I don't think trying to bulk buy makes sense as a way to save money unless you are willing and able to modify circuit designs to take advantage of the parts you have on hand. If you're building existing designs from others, then every project is going to require at least a few unique parts not used in anything else, and (importantly) those are the expensive parts that cost most of the money. So getting a good deal on commonly-used parts you think are in everything, doesn't really save much of the overall cost of building. You might save 50% on resistors, for a project containing $1 of resistors and a $50 panel. Unless you can save real money on the $50 part, even getting the resistors for free would not make a practical difference. I've written about this in more detail in my Web log.
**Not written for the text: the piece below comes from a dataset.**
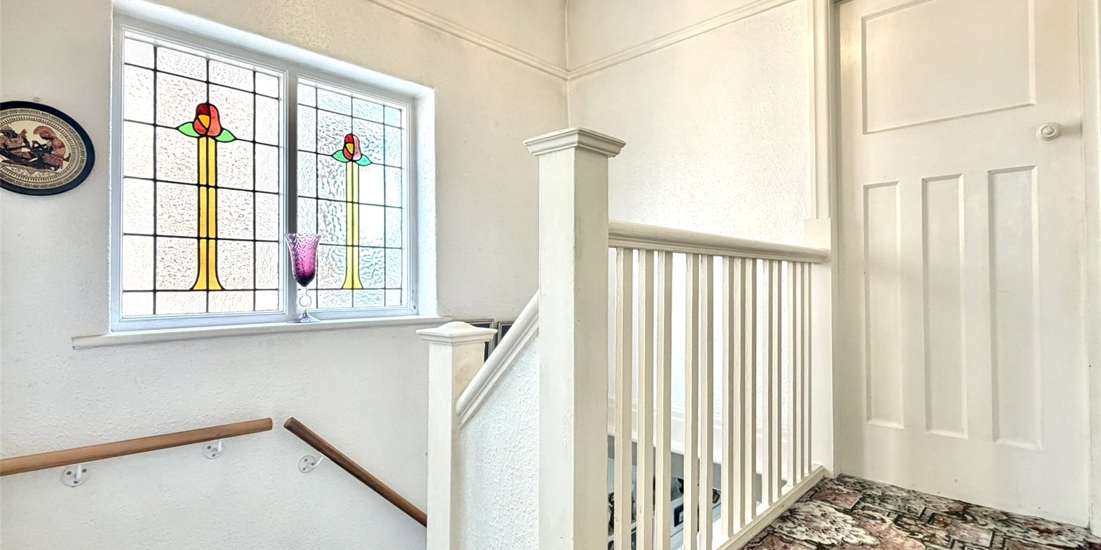 This charming property retains a wealth of original features, including beautiful leaded stained glass windows, giving a nod to its period heritage. The accommodation begins with a generous entrance hallway, leading through to two well-proportioned reception rooms, ideal for both family living and entertaining, along with a kitchen to the rear.
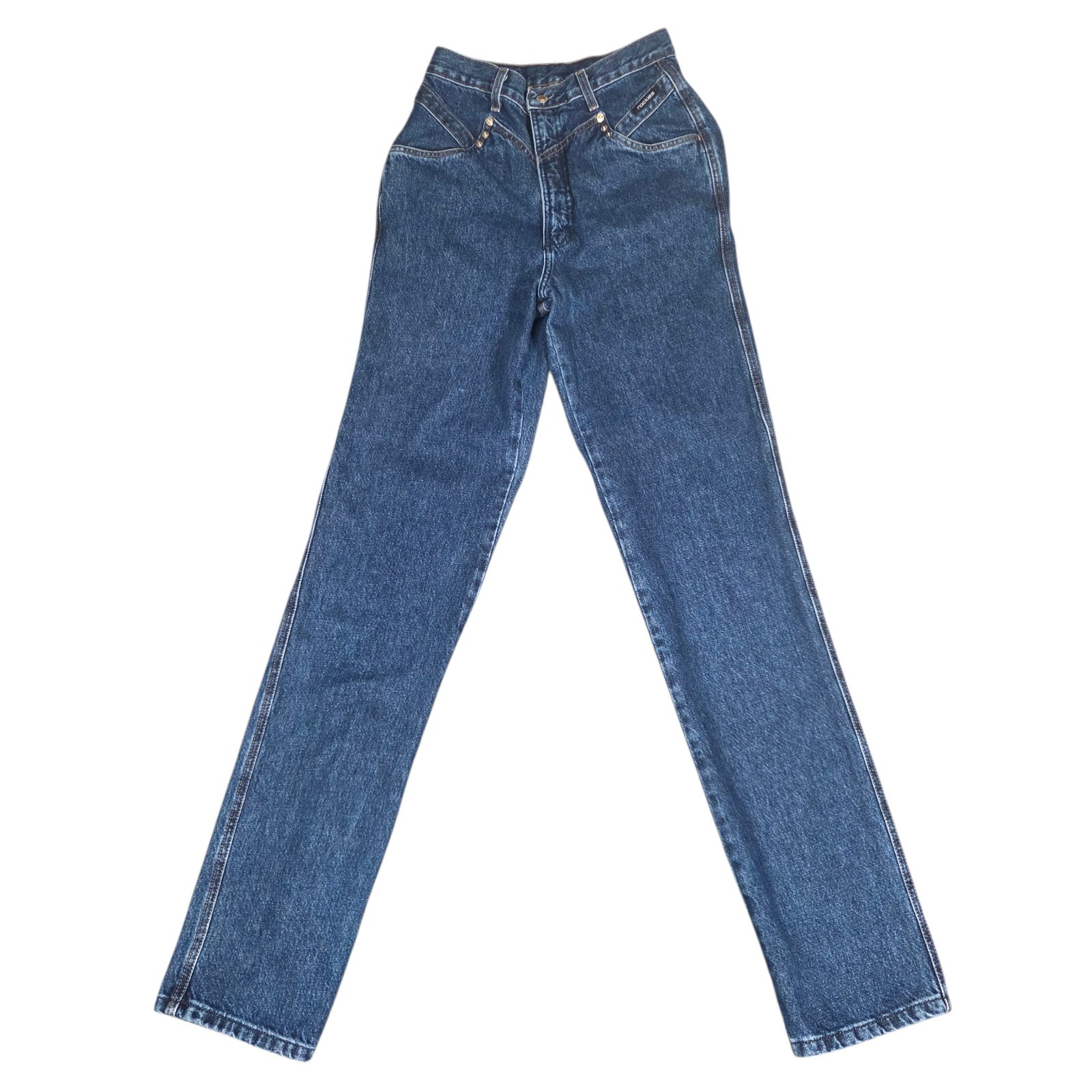 Vtg Rocky Mountain Rockies Blue High Waist Denim Jeans Sz 28/34 USA Vintage

Another issue is that "common" parts may not really be so common after all. Many are subject to fiddly details like circuit-board footprint (the pattern of holes on the board into which the component leads fit). These things are not universally standardized. It's really disappointing to invest in a bulk stock of something expensive like multiturn trimmers, then want to use them on a given board and find they don't fit there and you still need to buy more, just for the one project. I've written about this as well.

I was looking at it primarily from the point of view of saving money, which is how people usually formulate the question, but it's also relevant to issues like "are the parts genuine?". Should you wish to buy resistors at cut price from AliExpress, okay, you won't really save much money because resistors don't cost much to begin with, but at least they'll probably work. But if you're trying to save money on expensive ICs - especially, as others mentioned, if they're out of production - then you're presenting a much bigger target for the scammers. After all, with a chip that was only made in the USA in the 1980s, how does someone in China in 2018 get them to sell at all? At best, by pulling them out of old equipment. At worst, by sanding off the part number on something else and re-marking it. There are semiconductor factories in China to be sure but they aren't producing brand-new clones of decades-old analog ICs.

The important qualification is that that's all relevant if you are building from existing designs. If you are in a position to do your own designs, or to make meaningful changes to existing designs, then there's a better case to be made for buying parts in bulk and keeping an inventory, because you can suit your projects to your stock and at least save effort, maybe a little money too.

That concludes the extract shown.